2003年度 後期16・17回 細胞生物学セミナー
日時:12月2日(火)16:30~
場所:総合棟6階 クリエーションルーム
Subcellular localization of expansin mRNA in xylem
cells
Kyung-Hoan Im, Daniel J. Cosgrove, and Alen M. Jones
(2000)
Plant Physiol : 123, 463-470
植物細胞は、ミクロフィブリルや付着しているマトリックス多糖、蛋白質で形成される壁ネットワークを調節することによって拡張している。
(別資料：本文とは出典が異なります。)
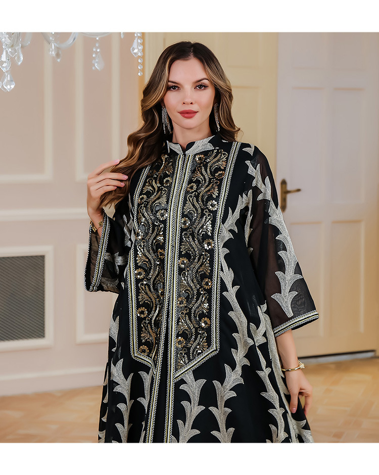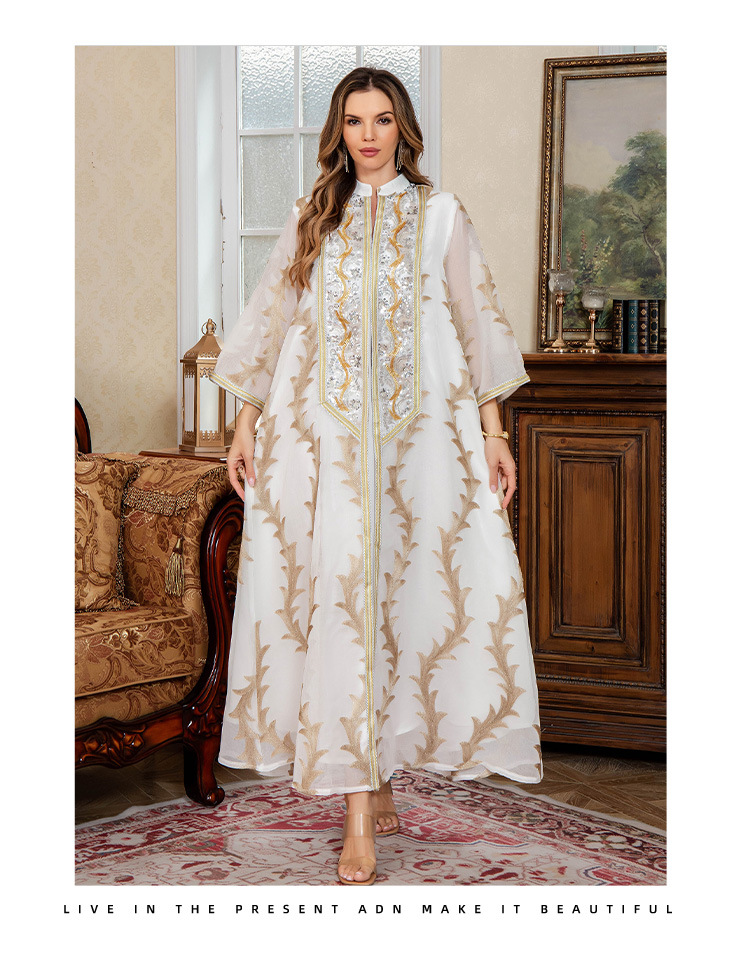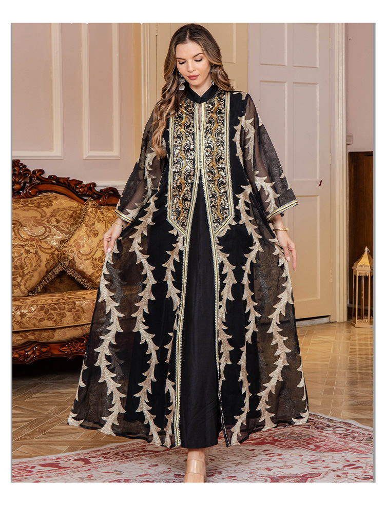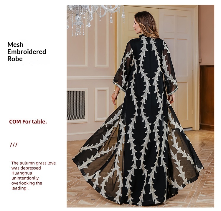 The regular fit silhouette offers comfort without compromising elegance, while the long sleeves and floor-length skirt create a graceful, elongated look suitable for formal occasions. The breathable mesh base combined with detailed embroidery makes this dress ideal for evening events, celebrations, and elegant gatherings.
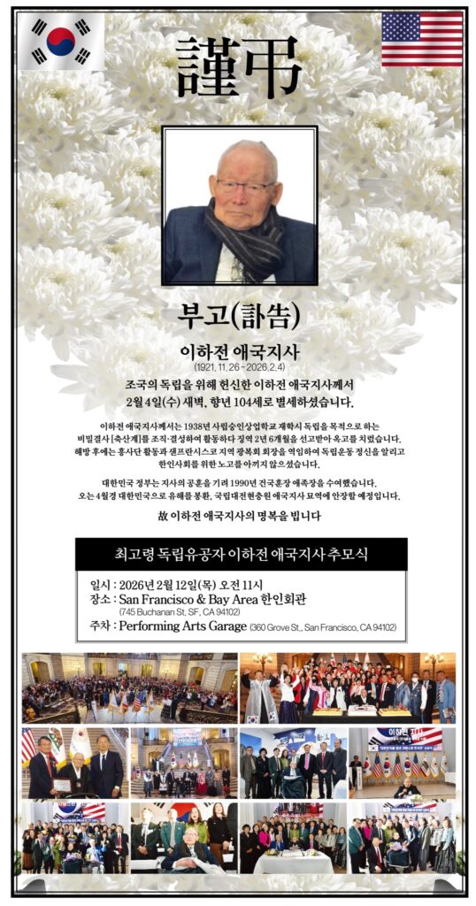 이제 조국 독립과 민족의 존엄을 위해 온 삶을 바치신 이하전 지사의 마지막 가시는 길을, 한인 사회가 함께 모여 경건한 마음으로 배웅하고자 합니다. 세대를 넘어 많은 한인 여러분께서 참석하시어, 그 뜻과 정신을 함께 기억해 주시기를 간곡히 부탁드립니다.

α−エクスパンシンと呼ばれる細胞壁蛋白ファミリーは壁を緩める要因であり、単離した細胞壁のセルロースミクロフィブリルとマトリックス多糖の間の非共有結合を分離させることによって、壁の伸長を促進していると考えられている。考えられている。また、高等植物の導管は、水輸送と植物体の機械的支持を主な機能とする木部組織の重要な構成要素で、それらを構成する個々の細胞である管状要素は、高等植物において最も特殊化の進んだ細胞群の一つである。現在、維管束誘導系を用いてヒャクニチソウの単離葉肉細胞からの、管状要素への細胞分化転換系の研究が進んでいる。今回著者らは、ヒャクニチソウの単離葉肉細胞から分化した管状要素から、新しい3つのエクスパンシンを明らかにし、それらの発現と壁の変化のタイミングを比較した。
著者らは、シロイヌナズナのエクスパンシン遺伝子EXP1,EXP9のミックスプローブを用いて、管状要素に誘導されたヒャクニチソウの培養細胞から作り出したcDNAライブラリーから、3つのα−エクスパンシンクローン(ZeExp1,
ZeExp2, ZeExp3)を単離し、その3つのcDNAの配列とシロイヌナズナのExp1を比較した。また、ノーザン解析によって、それらの発現と壁の変化のタイミングを比較した。二次壁の形成が始まる72時間後からZeExp1,
ZeExp2の発現量が減少したが、ZeExp3は発現に変化が見られなかった。
植物体の各部位におけるZeExp1, ZeExp2, ZeExp3エクスパンシン遺伝子は、茎組織発現し、子葉や葉の組織においても僅かに見られた。しかし根においてはZeExp2,
ZeExp3は発現しなかったのに対し、ZeExp1は発現していた。
In situハイブリダイゼーションを行った結果、シグナルは斑点状に見られ、原生木部や後生木部に隣接した細胞の側面に強く発現していた。管状要素から50〜100mm離れた、隣接していない細胞にも同じように見られた。また、分裂組織の近くの原生木部の分化が行われる場所において、ZeExp1は細胞の先端側において、またZeExp2は基部側において発現していた。
これらのことより、この3つのエクスパンシンは木部細胞特異的であり、分化した木部細胞の一次壁の侵入成長に影響を与えているかもしれないということを示唆している。